If you pick randomly for each one, there’s one chance in 256 that you’ll pick (A, B, C, D) and get 100%. And there’s one chance in 256 that you’ll pick (B, A, D, C), and get 0%. If you do this a bunch of times, your average score will still be 25%, but you will sometimes do better and sometimes do worse.
The longer the test, the more likely it is that the two strategies will give you very similar scores. So in practice it doesn’t make much of a difference.
If you have ABSOLUTELY no clue, and want to randomly guess, you should guess all of one letter because the test is engineered to have an even distribution of letters: you will get roughly 20% right if you guess all A’s, but could easily get 40% or 0% right if you do a pattern.
However, in reality, if you know anything about the subject, just looking at them and picking “your favorite” will have better odds than a total wild guess, even if you have no sensible idea about why the answer you like might be right.
**It’s not.**
The tests are written to have an approximately equal spread of answers, but that’s over the entire duration of the test not at every subgroup of 10 answers rolling through the test – and it is approximate.
If you’re at the last quarter of the test you have no way of knowing what the actual spread of remaining answers might be (unless you’re 100% confident of your previous answers and can then make a guess, and even then you won’t know for sure).
Checking all A is no more likely to net you more than 20% than randomly picking ABCDE. If it’s being marked by a human though they’re gonna immediately see where you ran out of time if the last 10 questions are all bubbled the same.
Better plan: Many multiple choice tests have at least one or two obvious dud answers. Very quickly rule out any obvious wrong answers – simple Eg: if the question is for multiplication and at least one number is even you can rule out any odd numbers from the answer, similar if both numbers are odd you can rule out any even numbers. If you can do this quickly you’ll boost your guess rate from approx 1 in 5 to ~1 in 3.

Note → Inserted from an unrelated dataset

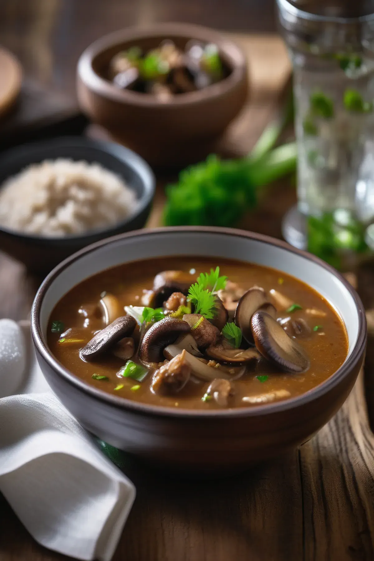 A rich and earthy gumbo loaded with sautéed mushrooms, okra, and aromatic vegetables in a deeply flavored roux-based broth. Perfect served over rice for a comforting, wholesome meal.

If both methods (random vs pick c for example) were tested a few times, hundred times, million billion times: any difference would be the result of chance (no matter how preposterous it feels) or some x factor like human error. Each choice, mathematically, is equal unless something specific is causing it to be different. Your question’s phrasing tells me you get it already. Your intuition says it shouldn’t make a difference but you have heard somewhere it does and feel like you are missing something. You were right all along, and probability is a difficult concept for most people.
You’re going to have less variance in your results if you go with a single letter rather than guessing all over.
Assuming a relatively even distribution of answers (i.e, 25% ±5%), if you guess the same letter, you’re going to get somewhere between 20-30% of the remaining answers correct. If you go random, you could theoretically get 100% correct, but you could also get 0% correct, with an average result of 25%.
It only sort of works if you do it for the whole test, not just one or two answers.
If you choose A on all questions it’s a guarantee that it will be the correct answer for those that have A as a solution (obviously). If there are roughly the same amount of A, B, C and D answers you’ll get around 25% of the questions.
If you go completely random you can potentially get all of them correct (but it’s very improbable) you can miss all of them, or anywhere in between.
Going for A all of them is a guaranteed ~25%.
This sounds like bad advice. First, it is almost certainly better to make an educated guess than a blind guess.
Second, if the goal is to maximise the chance of getting 25%, it probably won’t work.
There are two possibilities:
1. The letters are randomly distributed, and each question is independent of all others, in which case, it doesn’t matter at all what your strategy is, each guess is 25%.
2. There is some dependence between answers (eg, if there are three A’s in a row, then the chance of the next one being A is lower than 25%). In this case, there’s probably a better strategy than just picking A, but you don’t know what it is.